▸ DATA:
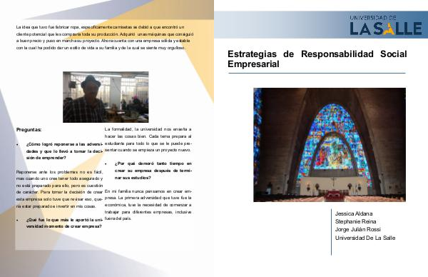 Estrategias de Responsabilidad Social Empresarial Jessica Aldana Stephanie Reina Jorge Julián Rossi Universidad De La Salle
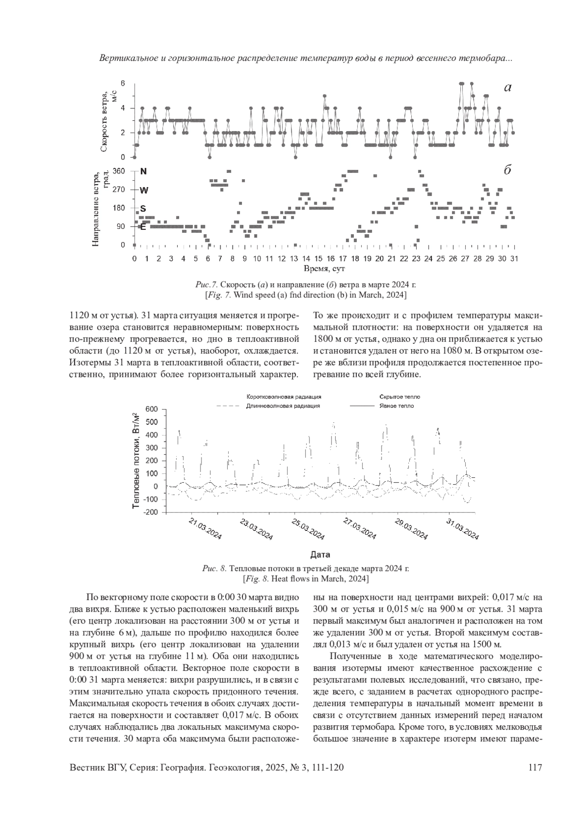 Цель - анализ вертикального и горизонтального распределения температуры воды в озере Долгое в период развития весеннего термобара 2024 г. Материалы и методы. В конце марта 2024 г. в ходе полевых исследований научно-исследовательской лаборатории озероведения БГУ были установлены закономерности пространственного распределения температуры воды в озере Долгое. Результаты полевых исследований сравнивались с результатами математического моделирования. Результаты и обсуждение. В результате установлено, что термобар в озере Долгое существовал с 26 по 31 марта 2024 г. Температура воды в этот период у берегов менялась от 4 до 8 °С, в открытой части водоема - от 0,8 до 4 °С. Моделирование физических процессов показало адекватное воспроизведение температур воды 3031 марта 2024 г. в придонных слоях озера, в приповерхностных они были завышены относительно наблюдаемых на 0,5-1,4 °С, что связано с отсутствием данных наблюдений 24-29 марта и недоучетом роли ветрового перемешивания в формировании термической структуры озера Долгое. Южнее плеса с максимальной глубиной расчетные температуры занижены в связи с движением фронта термобара со всех мелководий, а не только со стороны протоки из озера Свядово. Выводы. Из-за мелководности по сравнению с озерами Байкал, Ладожским и др., а также ориентации длинной оси озера по направлению преобладающих ветров, прямая температурная стратификация до разрушения термобара в озере Долгое сформироваться не успела по причине очень быстрого потепления на фоне активного ветрового перемешивания. Температуры воды в приповерхностных слоях оказываются завышены, в придонных почти не отличаются от измеренных.
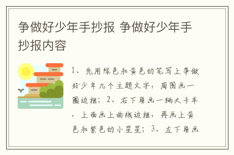 争做好少年手抄报 争做好少年手抄报内容 知识分享 2月22日 编辑 童画 取消关注 关注 私信 1、先用绿色和黄色的笔写上争做好少年几个主题文字,周围画一圈边框。 2、右下角画一辆大卡车,上面画上曲线边框,再画上黄色和紫色的小星星。 3、左下角画上一个不规则的边框,再画上边上的花纹,左上角画上小花。 4、汽车周围涂上黄色,最后用笔画出一条条直线就可以了,右上角画上小花就行了。 No related posts. 本文内容由互联网用户自发贡献,该文观点仅代表作者本人。本站仅提供信息存储空间服务,不拥有所有权,不承担相关法律责任。如发现本站有涉嫌抄袭侵权/违法违规的内容, 请发送邮件至 2245678901@qq.com 举报,一经查实,本站将立刻删除。 给TA打赏 共{{data.count}}人 人已打赏

▸ WHAT IS EXPECTED:
Transcribe the listing in full. Leave the pictures out.

▸ RESPONSE:
 Estrategias de Responsabilidad Social Empresarial Jessica Aldana Stephanie Reina Jorge Julián Rossi Universidad De La Salle
 Цель - анализ вертикального и горизонтального распределения температуры воды в озере Долгое в период развития весеннего термобара 2024 г. Материалы и методы. В конце марта 2024 г. в ходе полевых исследований научно-исследовательской лаборатории озероведения БГУ были установлены закономерности пространственного распределения температуры воды в озере Долгое. Результаты полевых исследований сравнивались с результатами математического моделирования. Результаты и обсуждение. В результате установлено, что термобар в озере Долгое существовал с 26 по 31 марта 2024 г. Температура воды в этот период у берегов менялась от 4 до 8 °С, в открытой части водоема - от 0,8 до 4 °С. Моделирование физических процессов показало адекватное воспроизведение температур воды 3031 марта 2024 г. в придонных слоях озера, в приповерхностных они были завышены относительно наблюдаемых на 0,5-1,4 °С, что связано с отсутствием данных наблюдений 24-29 марта и недоучетом роли ветрового перемешивания в формировании термической структуры озера Долгое. Южнее плеса с максимальной глубиной расчетные температуры занижены в связи с движением фронта термобара со всех мелководий, а не только со стороны протоки из озера Свядово. Выводы. Из-за мелководности по сравнению с озерами Байкал, Ладожским и др., а также ориентации длинной оси озера по направлению преобладающих ветров, прямая температурная стратификация до разрушения термобара в озере Долгое сформироваться не успела по причине очень быстрого потепления на фоне активного ветрового перемешивания. Температуры воды в приповерхностных слоях оказываются завышены, в придонных почти не отличаются от измеренных.
 争做好少年手抄报 争做好少年手抄报内容 知识分享 2月22日 编辑 童画 取消关注 关注 私信 1、先用绿色和黄色的笔写上争做好少年几个主题文字,周围画一圈边框。 2、右下角画一辆大卡车,上面画上曲线边框,再画上黄色和紫色的小星星。 3、左下角画上一个不规则的边框,再画上边上的花纹,左上角画上小花。 4、汽车周围涂上黄色,最后用笔画出一条条直线就可以了,右上角画上小花就行了。 No related posts. 本文内容由互联网用户自发贡献,该文观点仅代表作者本人。本站仅提供信息存储空间服务,不拥有所有权,不承担相关法律责任。如发现本站有涉嫌抄袭侵权/违法违规的内容, 请发送邮件至 2245678901@qq.com 举报,一经查实,本站将立刻删除。 给TA打赏 共{{data.count}}人 人已打赏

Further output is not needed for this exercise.